* Goal of the exercise
Whatever lies between the line that holds "# 仅为了配色,可选library(ggplot2)library(ggdist)# 1." and the final line of the records below, both included, should be repeated exactly; leave out the pictures and add nothing.

-*-

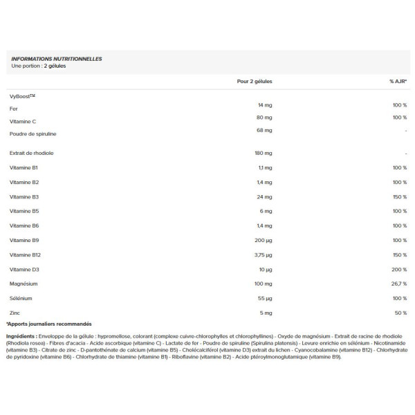 Ingrediënten : Capsule : hypromellose, kleurstof (koper-chlorofylcomplex en chlorofyllin) - Magnesiumoxide - Rhodiola wortel extract (Rhodiola rosea) - Acacia vezel - Ascorbinezuur (vitamine C) - IJzerlactaat - Spirulina poeder (Spirulina platensis) - Met selenium verrijkte gist - Nicotinamide (vitamine B3) - Zinkcitraat - Calcium d-pantothenaat (vitamine B5) - Cholecalcium (vitamine B6) - Cholesterol (vitamine B6) Zinkcitraat - Calcium d-pantothenaat (vitamine B5) - Cholecalciferol (vitamine D3) geëxtraheerd uit korstmossen - Cyanocobalamine (vitamine B12) - Pyridoxine hydrochloride (vitamine B6) - Thiamine hydrochloride (vitamine B1) - Riboflavine (vitamine B2) - Pteroylmonoglutaminezuur (vitamine B9).
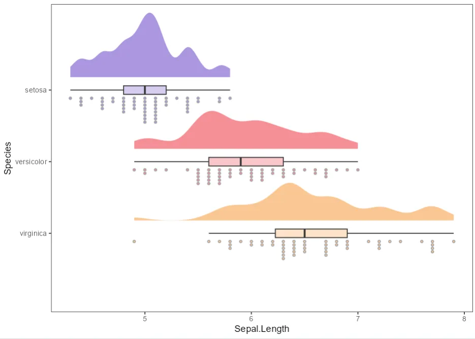 # install.packages("ggdist")# install.packages("tidyquant") # 仅为了配色,可选library(ggplot2)library(ggdist)# 1. 数据准备data <- irisdata$Species <- factor(data$Species, levels = c("virginica","versicolor","setosa"))# 2. 绘图p <- ggplot(data, aes(x = Species, y = Sepal.Length, fill = Species)) + # 2.1 左侧半小提琴(半眼) ggdist::stat_halfeye( adjust = .5, # 带宽 justification = -.2, # 向左移 .width = 0, # 不画区间横杠 point_colour = NA) + # 不画中心点 # 2.2 中间箱线 geom_boxplot( width = .12, outlier.color = NA, # 隐藏离群点 alpha = .5) + # 2.3 右侧散点 ggdist::stat_dots( side = "left", # 点朝右 justification = 1.1, # 向右移 binwidth = .03) + # 点大小 # 3. 美化 scale_fill_manual(values = c("#FAC794","#F58F96","#AB97E0")) + coord_flip() + # 横过来更直观 theme_bw() + theme(panel.grid = element_blank(), legend.position = "none")print(p)
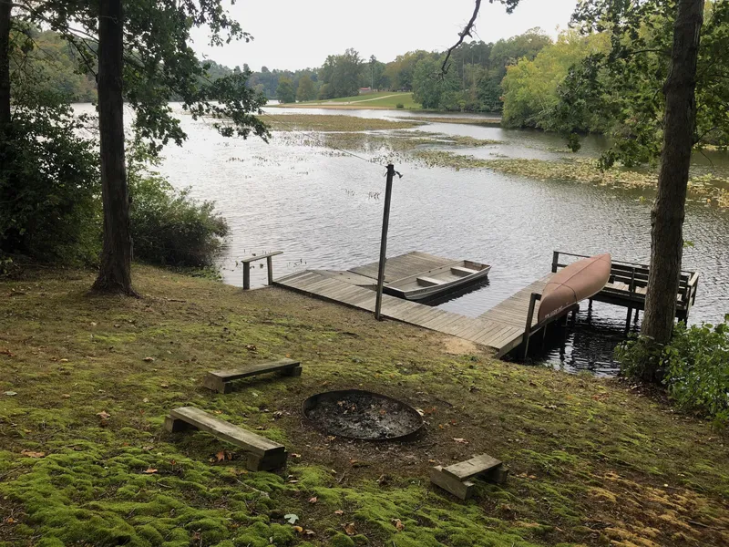 Lakefront Property!!!! They are not making any more lakes, and this property is a gem! Imagine waking up in the morning, loading up your fishing poles into the boat docked in your backyard (yes, you will have your own personal dock), and heading out to catch catfish, bass, bluegills, and crappies, all morning. This lake is gorgeous and clean, and the view from the dock and back-covered porch is amazing. As the sun goes down, the fire pit will be the setting for many evenings for discussions of the day, maybe some fishing stories, discussions about the future, and discussions of yesteryear. The cabin has a kitchen, one main bedroom, one full bath, and a loft big enough to sleep many! The enclosed back porch is amazing and is the ultimate gathering place for quiet summer evenings. The main living room/dining room has a wood burner with a brick chimney. On the two lots, you will find mature...
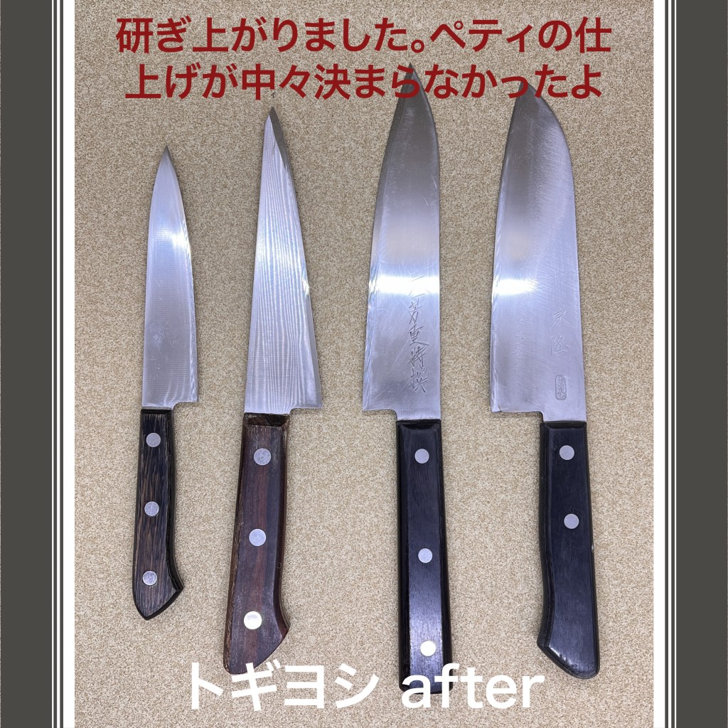 宗隆の三徳包丁は鋼部分が錆びていましたが深くなくサッと研いで綺麗になり仕上がりも上々。芳重の牛刀は癖のある研ぎ方になっていて最低限の修正に留めて仕上げました。藤次郎の骨スキは柄に魚の脂が蓄積していたので出刃庖丁代わりに使っていた模様、インパクトクリーナーとスクレッパで落としてスッキリしました。刃の方は15度できっちり仕上げましたよ。ゾーリンゲンのペティは中々最終日仕上げか決まらず少し時間がかかりました。あと出刃を2本預かりましたが錆びで真っ赤っかなのでサビハイダーでゆっくり錆びを落とします。
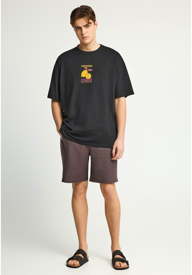 Ανδρικό oversized t-shirt με τύπωμα στο πίσω μέρος, φτιαγμένο από 100% βαμβάκι για απόλυτη άνεση και δροσερή αίσθηση. Αυτό το μπλουζάκι από την Funky Buddha αποτελεί statement κομμάτι για κάθε casual εμφάνιση. Συνδύασέ το με τζιν ή cargo παντελόνι για ένα cool και άνετο look.

-*-

* Reply to the exercise
 # install.packages("ggdist")# install.packages("tidyquant") # 仅为了配色,可选library(ggplot2)library(ggdist)# 1. 数据准备data <- irisdata$Species <- factor(data$Species, levels = c("virginica","versicolor","setosa"))# 2. 绘图p <- ggplot(data, aes(x = Species, y = Sepal.Length, fill = Species)) + # 2.1 左侧半小提琴(半眼) ggdist::stat_halfeye( adjust = .5, # 带宽 justification = -.2, # 向左移 .width = 0, # 不画区间横杠 point_colour = NA) + # 不画中心点 # 2.2 中间箱线 geom_boxplot( width = .12, outlier.color = NA, # 隐藏离群点 alpha = .5) + # 2.3 右侧散点 ggdist::stat_dots( side = "left", # 点朝右 justification = 1.1, # 向右移 binwidth = .03) + # 点大小 # 3. 美化 scale_fill_manual(values = c("#FAC794","#F58F96","#AB97E0")) + coord_flip() + # 横过来更直观 theme_bw() + theme(panel.grid = element_blank(), legend.position = "none")print(p)
 Lakefront Property!!!! They are not making any more lakes, and this property is a gem! Imagine waking up in the morning, loading up your fishing poles into the boat docked in your backyard (yes, you will have your own personal dock), and heading out to catch catfish, bass, bluegills, and crappies, all morning. This lake is gorgeous and clean, and the view from the dock and back-covered porch is amazing. As the sun goes down, the fire pit will be the setting for many evenings for discussions of the day, maybe some fishing stories, discussions about the future, and discussions of yesteryear. The cabin has a kitchen, one main bedroom, one full bath, and a loft big enough to sleep many! The enclosed back porch is amazing and is the ultimate gathering place for quiet summer evenings. The main living room/dining room has a wood burner with a brick chimney. On the two lots, you will find mature...
 宗隆の三徳包丁は鋼部分が錆びていましたが深くなくサッと研いで綺麗になり仕上がりも上々。芳重の牛刀は癖のある研ぎ方になっていて最低限の修正に留めて仕上げました。藤次郎の骨スキは柄に魚の脂が蓄積していたので出刃庖丁代わりに使っていた模様、インパクトクリーナーとスクレッパで落としてスッキリしました。刃の方は15度できっちり仕上げましたよ。ゾーリンゲンのペティは中々最終日仕上げか決まらず少し時間がかかりました。あと出刃を2本預かりましたが錆びで真っ赤っかなのでサビハイダーでゆっくり錆びを落とします。
 Ανδρικό oversized t-shirt με τύπωμα στο πίσω μέρος, φτιαγμένο από 100% βαμβάκι για απόλυτη άνεση και δροσερή αίσθηση. Αυτό το μπλουζάκι από την Funky Buddha αποτελεί statement κομμάτι για κάθε casual εμφάνιση. Συνδύασέ το με τζιν ή cargo παντελόνι για ένα cool και άνετο look.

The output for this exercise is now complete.